#### Task brief:
Retype the material that follows exactly, limited to the lines from the one with "1.BasmakCtrl + Shift" through the one with "Kerstnachtdienst Sebastiaankerk Warffum", and keep out all pictures.

#### Provided data:
※ ※ ※
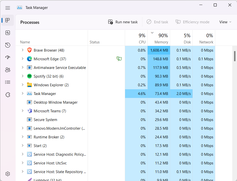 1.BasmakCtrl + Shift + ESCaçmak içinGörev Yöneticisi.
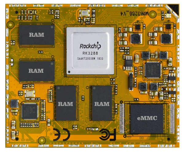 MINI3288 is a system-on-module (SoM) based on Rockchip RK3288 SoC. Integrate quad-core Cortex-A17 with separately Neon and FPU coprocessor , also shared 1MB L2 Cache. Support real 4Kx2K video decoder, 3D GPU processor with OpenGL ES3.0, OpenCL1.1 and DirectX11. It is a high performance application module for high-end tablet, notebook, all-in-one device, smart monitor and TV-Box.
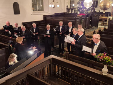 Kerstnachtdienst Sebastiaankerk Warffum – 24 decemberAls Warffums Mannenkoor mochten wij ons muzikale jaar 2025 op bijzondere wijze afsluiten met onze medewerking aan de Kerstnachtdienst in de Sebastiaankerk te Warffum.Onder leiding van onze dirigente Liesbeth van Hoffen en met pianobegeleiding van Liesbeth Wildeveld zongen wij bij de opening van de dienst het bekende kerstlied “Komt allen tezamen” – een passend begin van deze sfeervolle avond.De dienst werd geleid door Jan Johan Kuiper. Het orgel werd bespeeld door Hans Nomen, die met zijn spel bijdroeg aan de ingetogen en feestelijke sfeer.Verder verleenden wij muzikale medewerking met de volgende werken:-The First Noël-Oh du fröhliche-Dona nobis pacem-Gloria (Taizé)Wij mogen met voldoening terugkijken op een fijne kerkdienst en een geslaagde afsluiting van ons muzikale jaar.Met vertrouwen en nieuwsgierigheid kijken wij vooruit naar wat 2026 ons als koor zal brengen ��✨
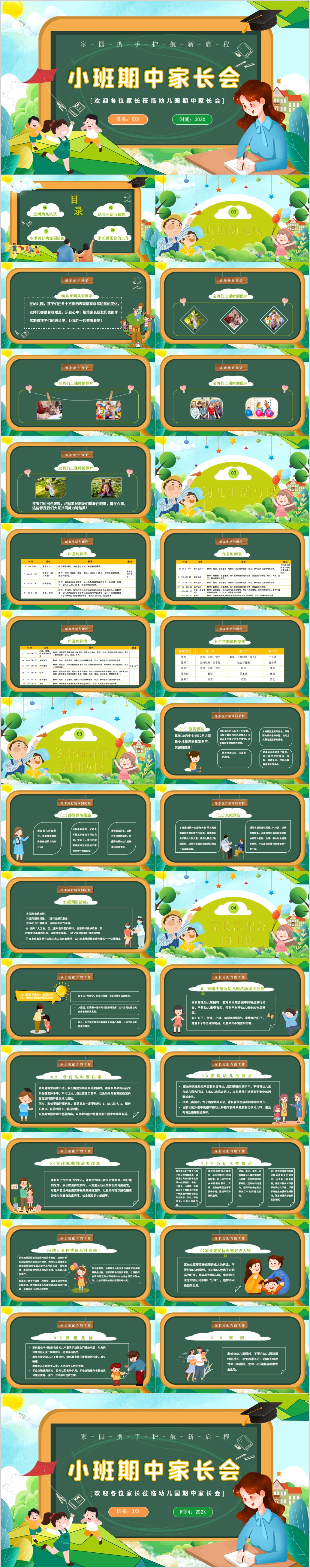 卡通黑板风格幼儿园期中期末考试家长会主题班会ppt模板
※ ※ ※
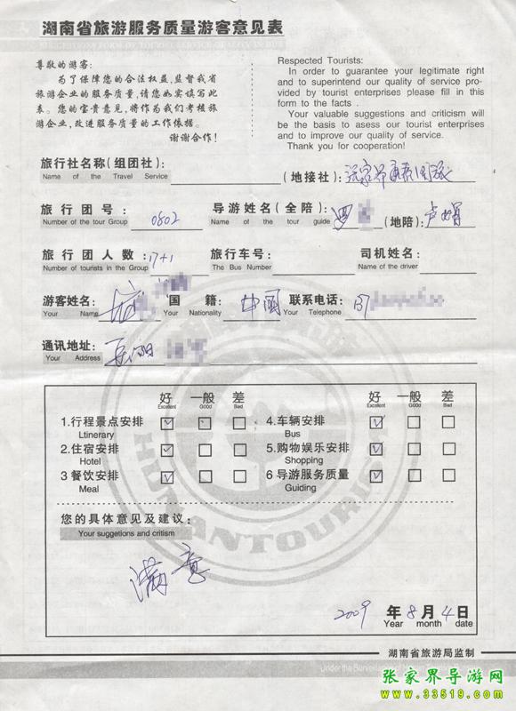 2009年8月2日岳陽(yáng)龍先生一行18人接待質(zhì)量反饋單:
※ ※ ※
#### Task output:
 1.BasmakCtrl + Shift + ESCaçmak içinGörev Yöneticisi.
 MINI3288 is a system-on-module (SoM) based on Rockchip RK3288 SoC. Integrate quad-core Cortex-A17 with separately Neon and FPU coprocessor , also shared 1MB L2 Cache. Support real 4Kx2K video decoder, 3D GPU processor with OpenGL ES3.0, OpenCL1.1 and DirectX11. It is a high performance application module for high-end tablet, notebook, all-in-one device, smart monitor and TV-Box.
 Kerstnachtdienst Sebastiaankerk Warffum – 24 decemberAls Warffums Mannenkoor mochten wij ons muzikale jaar 2025 op bijzondere wijze afsluiten met onze medewerking aan de Kerstnachtdienst in de Sebastiaankerk te Warffum.Onder leiding van onze dirigente Liesbeth van Hoffen en met pianobegeleiding van Liesbeth Wildeveld zongen wij bij de opening van de dienst het bekende kerstlied “Komt allen tezamen” – een passend begin van deze sfeervolle avond.De dienst werd geleid door Jan Johan Kuiper. Het orgel werd bespeeld door Hans Nomen, die met zijn spel bijdroeg aan de ingetogen en feestelijke sfeer.Verder verleenden wij muzikale medewerking met de volgende werken:-The First Noël-Oh du fröhliche-Dona nobis pacem-Gloria (Taizé)Wij mogen met voldoening terugkijken op een fijne kerkdienst en een geslaagde afsluiting van ons muzikale jaar.Met vertrouwen en nieuwsgierigheid kijken wij vooruit naar wat 2026 ons als koor zal brengen ��✨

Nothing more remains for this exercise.